Procedures should clearly identify employees or classes of employees who will have access to electronic protected health information (EPHI). Access to EPHI must be restricted to only those employees who have a need for it to complete their job function.
The procedures must address access authorization, establishment, modification, and termination.
Entities must show that an appropriate ongoing training program regarding the handling of PHI is provided to employees performing health plan administrative functions.

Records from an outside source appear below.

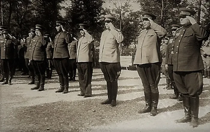 Маршалы К. А. Мерецков (4-ый справа), Р. Я. Малиновский (3-ий справа), А. М. Василевский (2-ой справа) и сопровождающие их генералы на русском кладбище в Порт-Артуре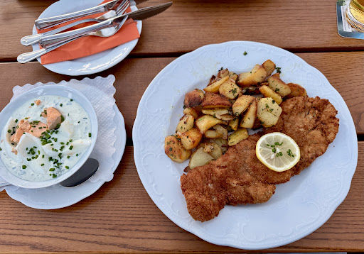 Wir entschieden uns für die Tagesempfehlung – Schnitzel mit Bratkartoffeln und grüner Soße mit Ei. Zur Auswahl standen Kalb, Schwein oder Hähnchen – das allein zeigt schon, dass hier mitgedacht wird. Wir wählten das Schweineschnitzel, und was soll man sagen: Perfekt! Knusprig, saftig, und meiner Meinung nach in Butter gebraten – einfach so, wie ein gutes Schnitzel sein muss. Die Bratkartoffeln waren herrlich goldbraun, die grüne Soße frisch und rund im Geschmack.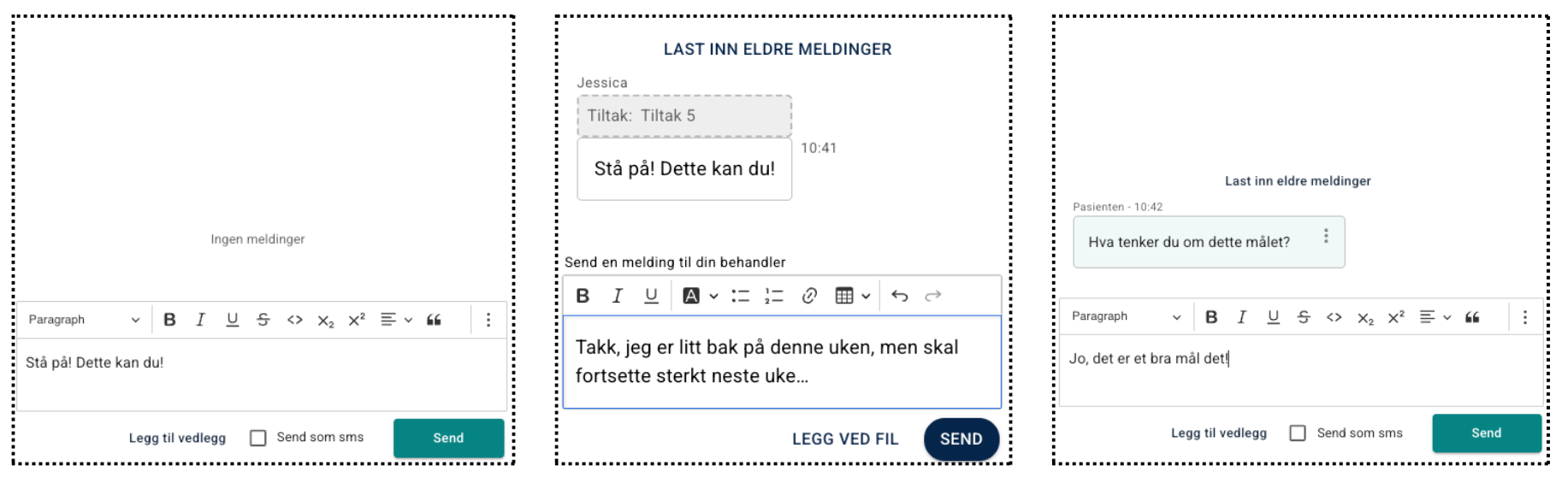 I tillegg kan man aktivere meldinger og kommentarer på enkeltmål og tiltak, slik at behandler og pasient kan kommunisere direkte om målsettingen.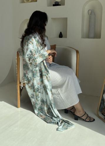 عباية بتصميم عصري مطبوع بنقشات زهرية وألوان دافئة متناسقة، تمنحك إطلالة أنيقة ومفعمة بالأنوثة. خفيفة ومريحة بفضل خامتها الانسيابية، مثالية للاستخدام اليومي والمناسبات البسيطة. يمكن تنسيقها بسهولة مع فستان أبيض أو إكسسوارات محايدة لإبراز جمال تفاصيلها.

Covered entities that out-source some of their business processes to a third party must ensure that their vendors also have a framework in place to comply with HIPAA requirements. Companies typically gain this assurance through clauses in the contracts stating that the vendor will meet the same data protection requirements that apply to the covered entity. Care must be taken to determine if the vendor further out-sources any data handling functions to other vendors and monitor whether appropriate contracts and controls are in place.
A contingency plan- should be in place for responding to emergencies. Covered entities are responsible for backing up their data and having disaster recovery procedures in place. The plan should document data priority and failure analysis, testing activities, and change control procedures.
Internal audits- play a key role in HIPAA compliance by reviewing operations with the goal of identifying potential security violations. Policies and procedures should specifically document the scope, frequency, and procedures of audits. Audits should be both routine and event-based.
Procedures should document instructions for addressing and responding to security breaches that are identified either during the audit or the normal course of operations.